Podobno swoją przygodę muzyczną zaczynałeś od muzyki irlandzkiej. Ślady prowadzą do zespołu Duan. Prawda?
Tak, grałem kiedyś muzykę irlandzką, ale nie z Duanem. Byłem w klasie maturalnej i wraz z kolegami przygotowaliśmy koncert na zakończenie szkoły. Nie mieliśmy nazwy dla zespołu zatem zostało No Name Band, a w składzie znalazł się również Witek Kulczycki, dzisiaj lider zespołu Duan.
Co się stało z tym składem?
Ja odpuściłem, bo zaczęło się intensywniejsze granie z moim pierwszym zespołem - Szybki Lopez, gdzie grałem flamenco. Wolałem ten rodzaj muzyki, bo dla gitarzysty jest ciekawszy, daje więcej możliwości ekspresji. W muzyce irlandzkiej gitara jest tylko dodatkiem, towarzyszy muzyce, we flamenco jest najważniejszym instrumentem, bardzo wirtuozerskim.

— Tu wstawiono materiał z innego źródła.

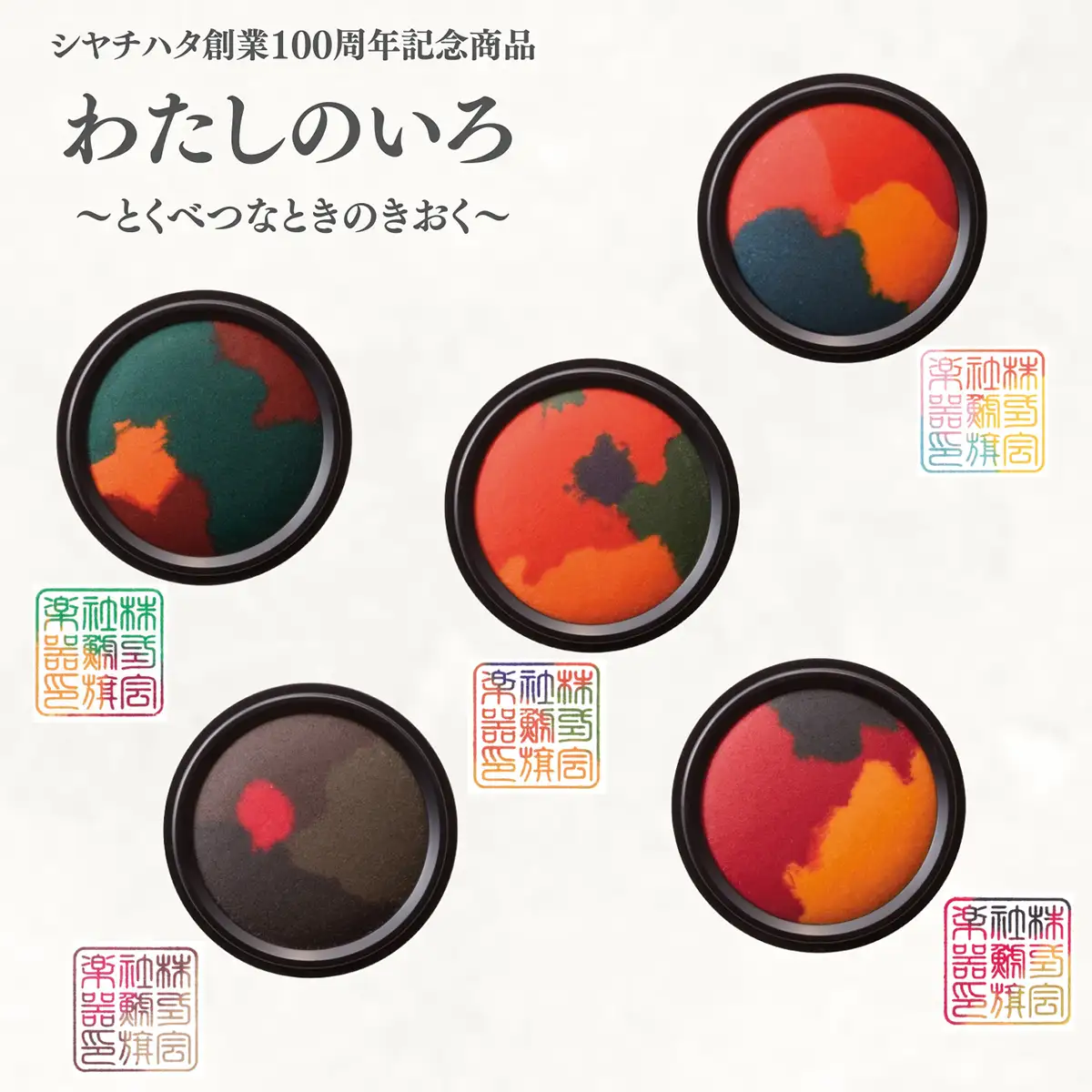 シヤチハタ創業100周年を記念して、複数の色が織り交ぜられた鮮やかな朱肉「わたしのいろ」の新シリーズ第四弾「わたしのいろ-とくべつなときのきおく-」を発売。誕生日やクリスマス、バレンタインなどの「特別な時間」をテーマにした全5種類のラインアップです。
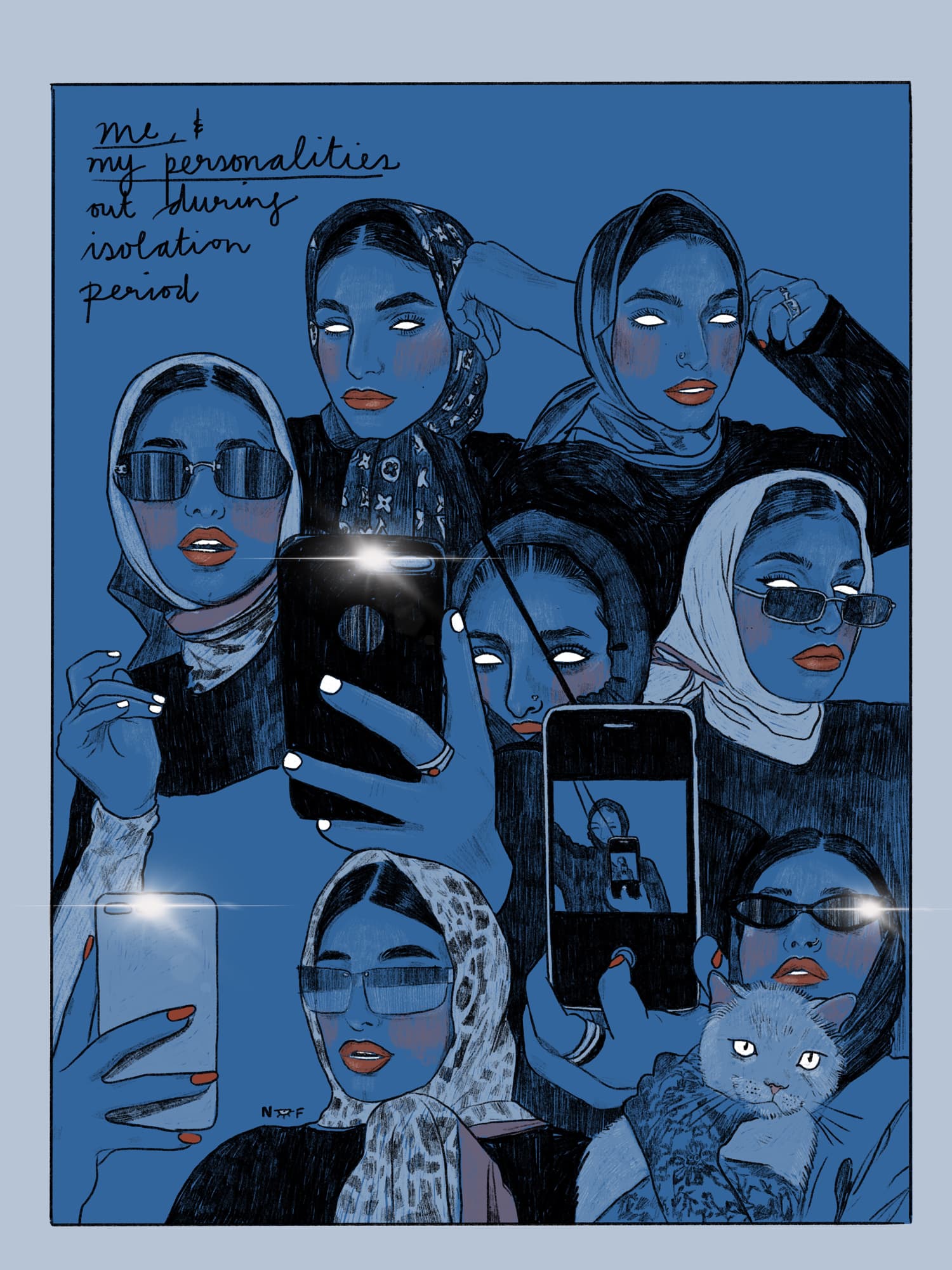 Illustration: Nour FlayhanAlongside Islamic ornamentation, the colors in her art are organic: the blue sky, an ever-present symbol of peace; the cedar of Lebanon, emblem of strength in this country, rooted in between Syria, Israel, and Palestine territories. This is an area still plagued by conflict due to religious and ethnic diversity and now faced with 2020’s health and the most severe economic crises in generations—even prior to the virus. “I’ve always felt connected to Lebanon, but in the past nine months, that connection deepened, as my country is trying to reclaim itself. I am with my people on the streets and use my art to spread the voices of the revolution. We are fighting for better days and against the elimination of the middle class. The situation is like a blaring alarm continually ringing in our ears.” Empowering others and sharing her story, Flayhan documents a visual journal through Instagram. In these “journal pages,” she captions her thoughts and conversations for others to align with in this essential new wave of a social movement.
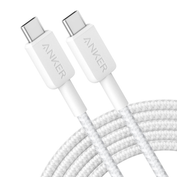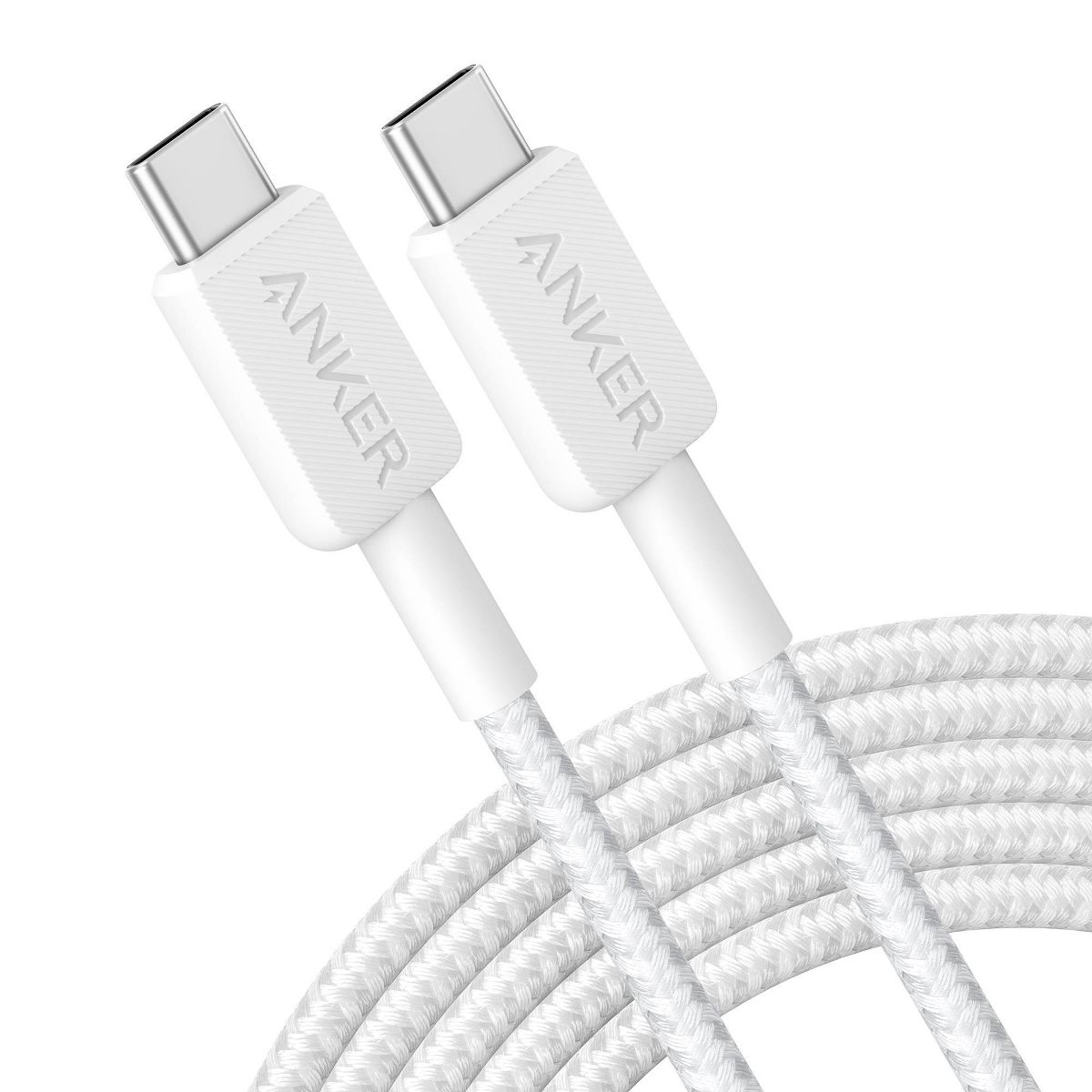 Anker 10' 60W Braided USB-C to USB-C Max Fast Charging Cable - White: Male-To-Male Cord
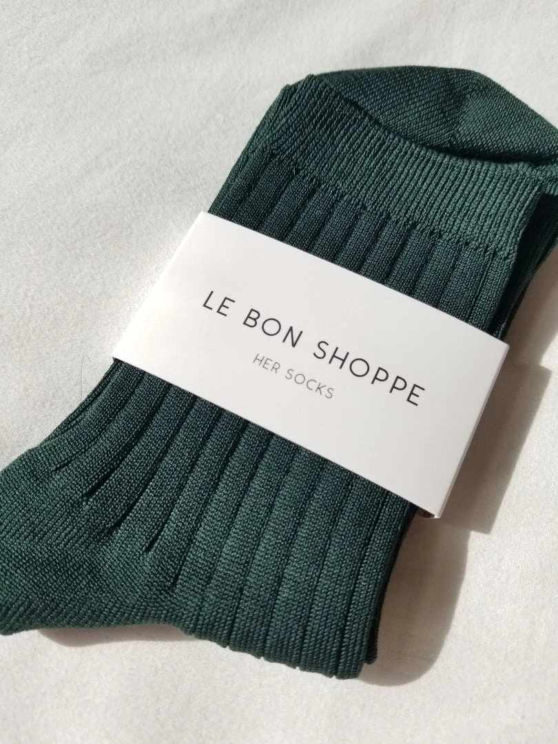 Le Bon Shoppe Her socks perfect height knit rib socks in peacock green.
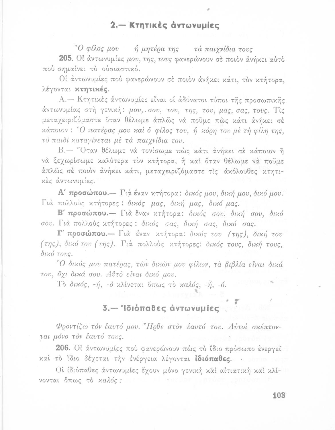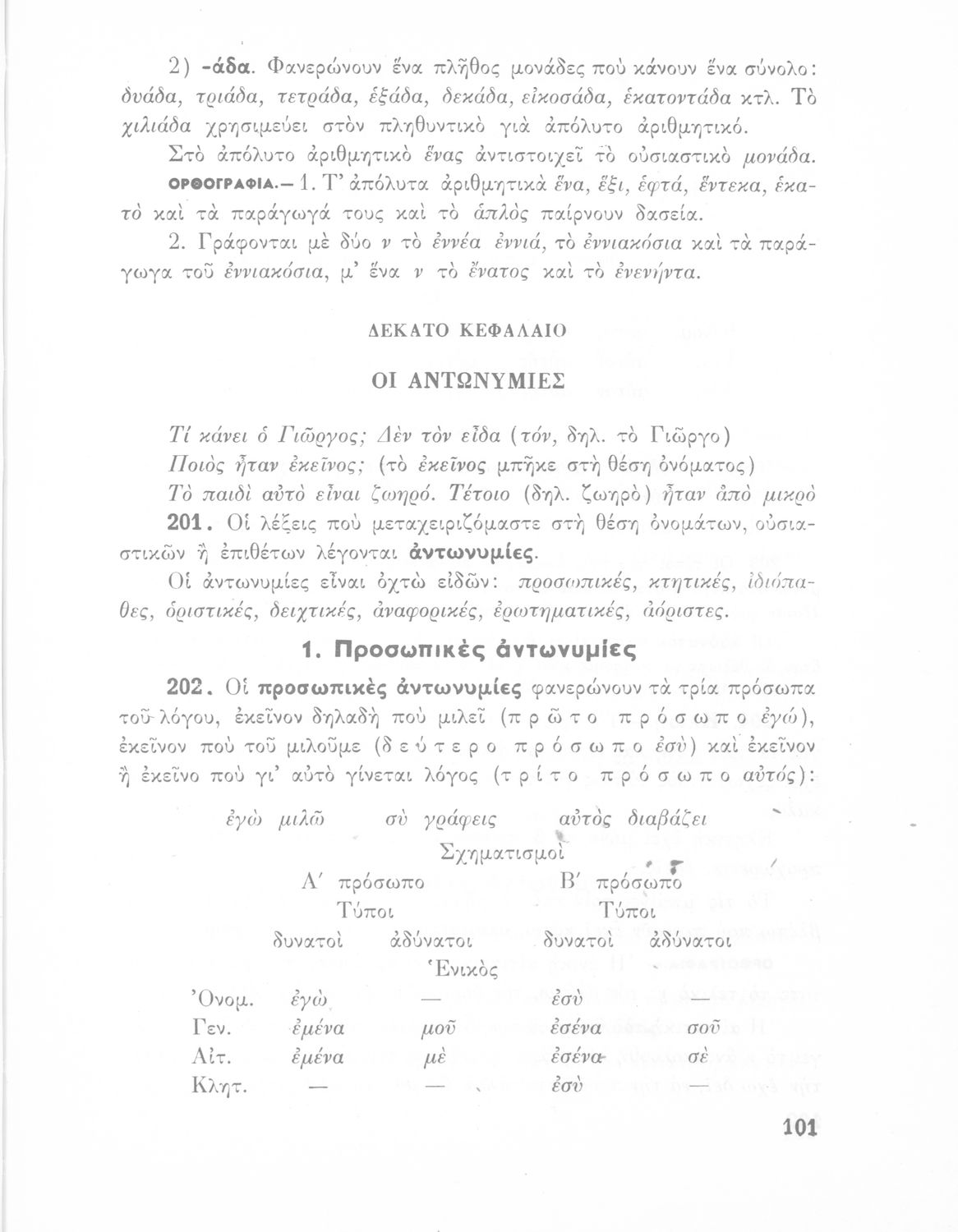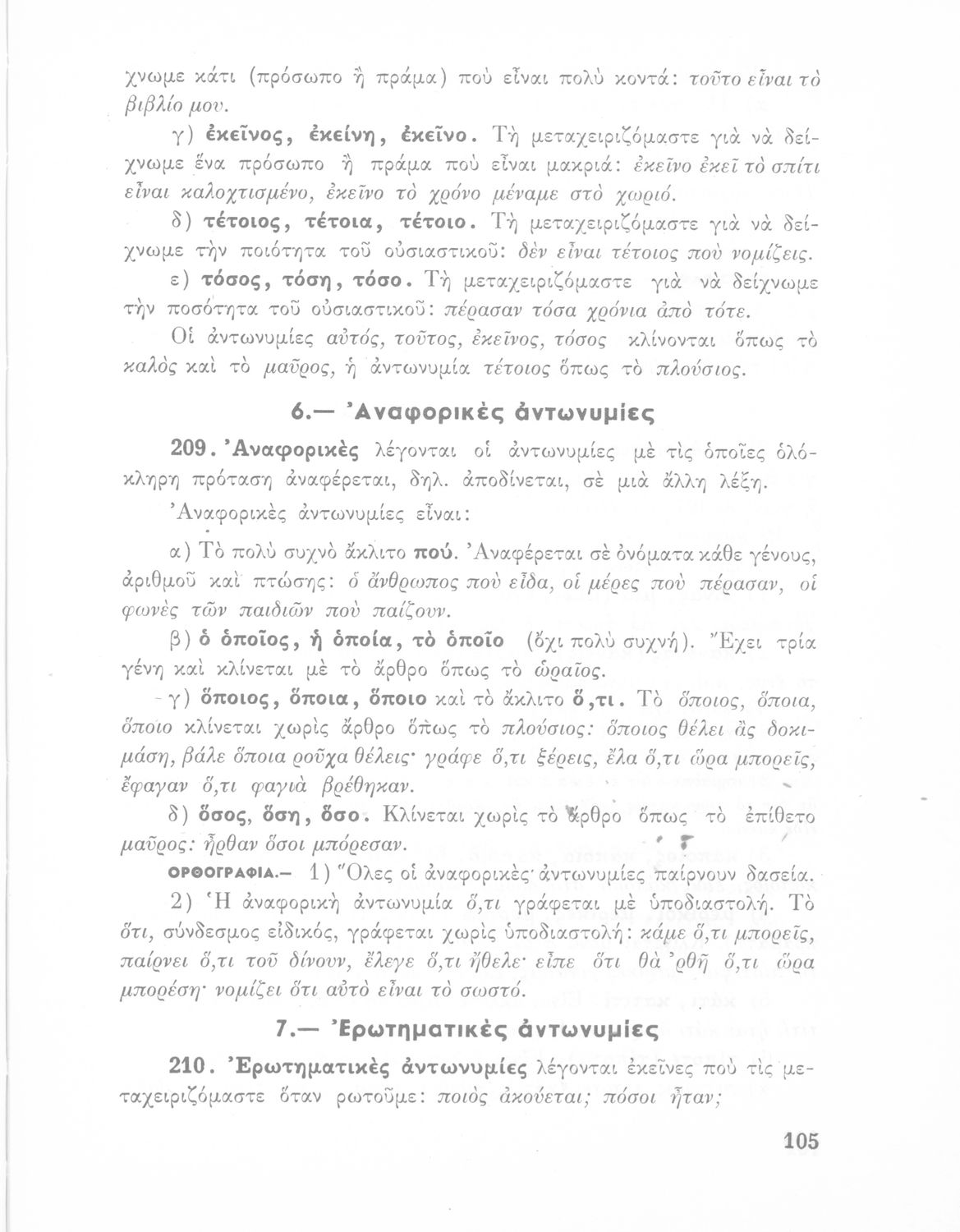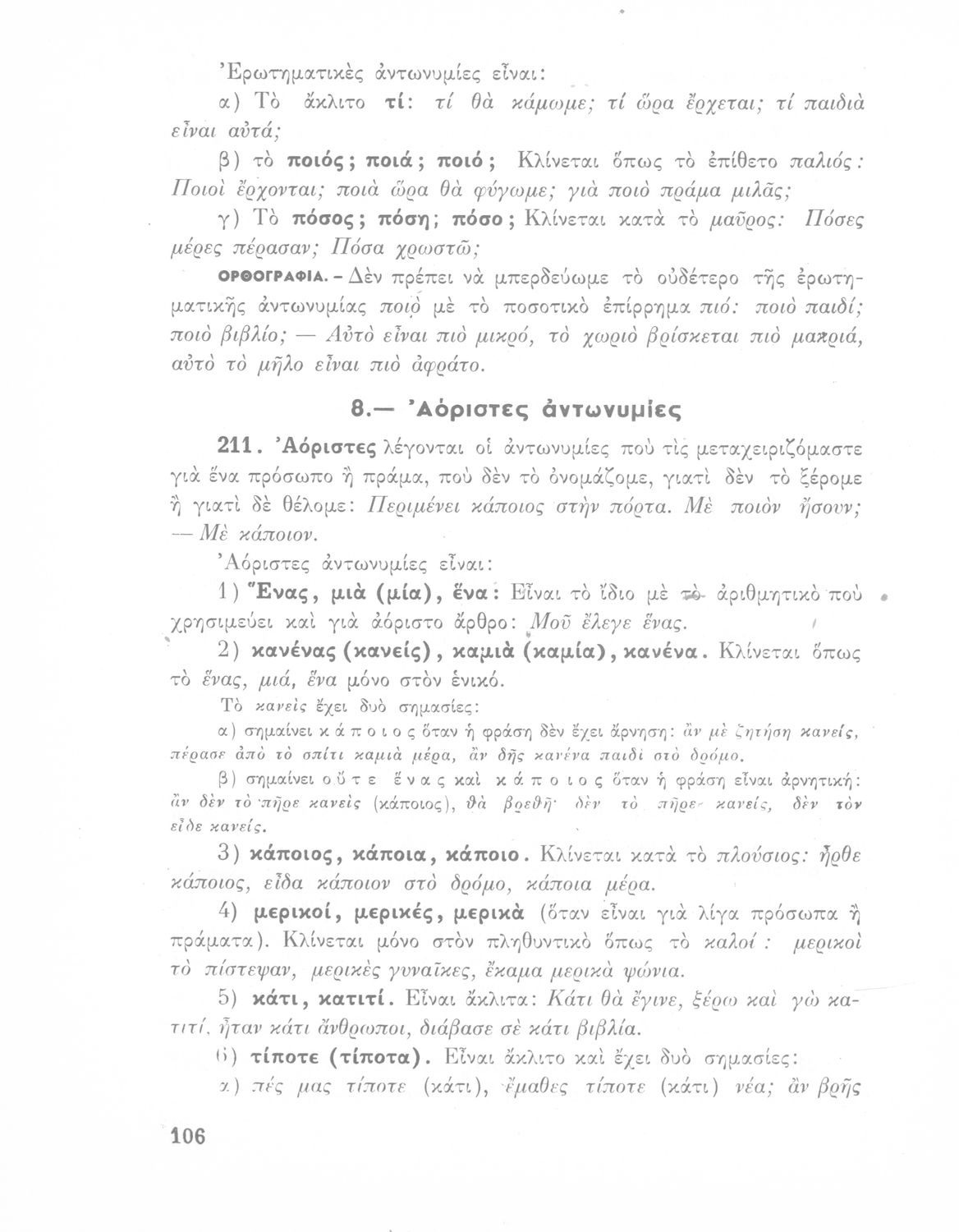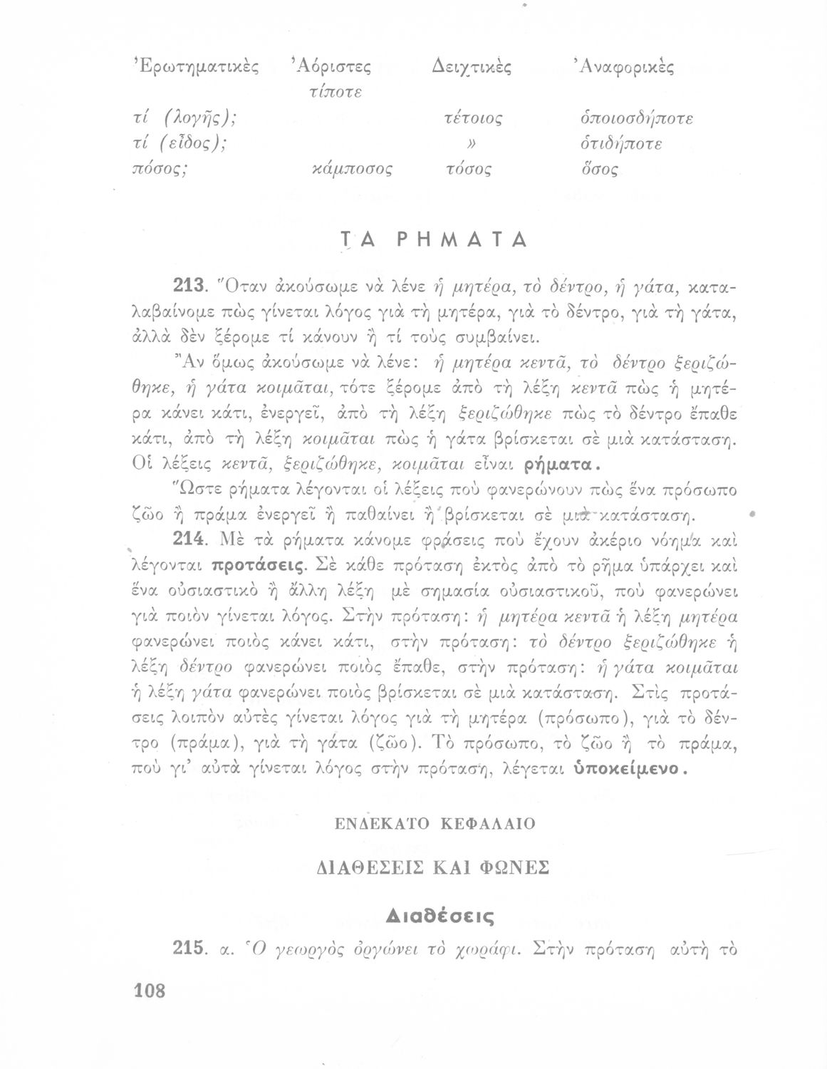 Σχολικό εγχειρίδιο Γραμματικής για τη ΣΤ΄ Δημοτικού και τις τάξεις της Μέσης εκπαίδευσης. Περιέχει τη διδασκαλία της Γραμματικής της δημοτικής και για τους παιδαγωγούς αλλά και τους μαθητές.

Nie pomyślałbym, że pod nazwą Szybki Lopez kryje się muzyka flamenco…
Nazwa, jak to w takich przypadkach nie raz bywało, była przypadkowa. Musieliśmy coś szybko wymyślić przed którymś z koncertów i padło „Szybki Lopez”. Zmieniliśmy ją w 1998, po programie w TVP Katowice, gdzie zagraliśmy kilka utworów. Program nosił tytuł „Viva Flamenco!”. Spodobało nam się, więc zostało Viva Flamenco!. Graliśmy coraz poważniejsze koncerty i poprzednia nazwa brzmiała już niepoważnie.
Skąd się w ogóle wzięło flamenco, w Polsce nie była to popularna muzyka?
Z domu. Mój ojciec jest miłośnikiem wszystkiego, co hiszpańskie. Przywoził z Hiszpanii obrazy, książki oraz płyty winylowe. Słuchałem tej muzyki od dzieciństwa. Gdy miałem 12 lat, zacząłem grać na gitarze.
Jak się uczyłeś, kto ci pomagał, kto uczył?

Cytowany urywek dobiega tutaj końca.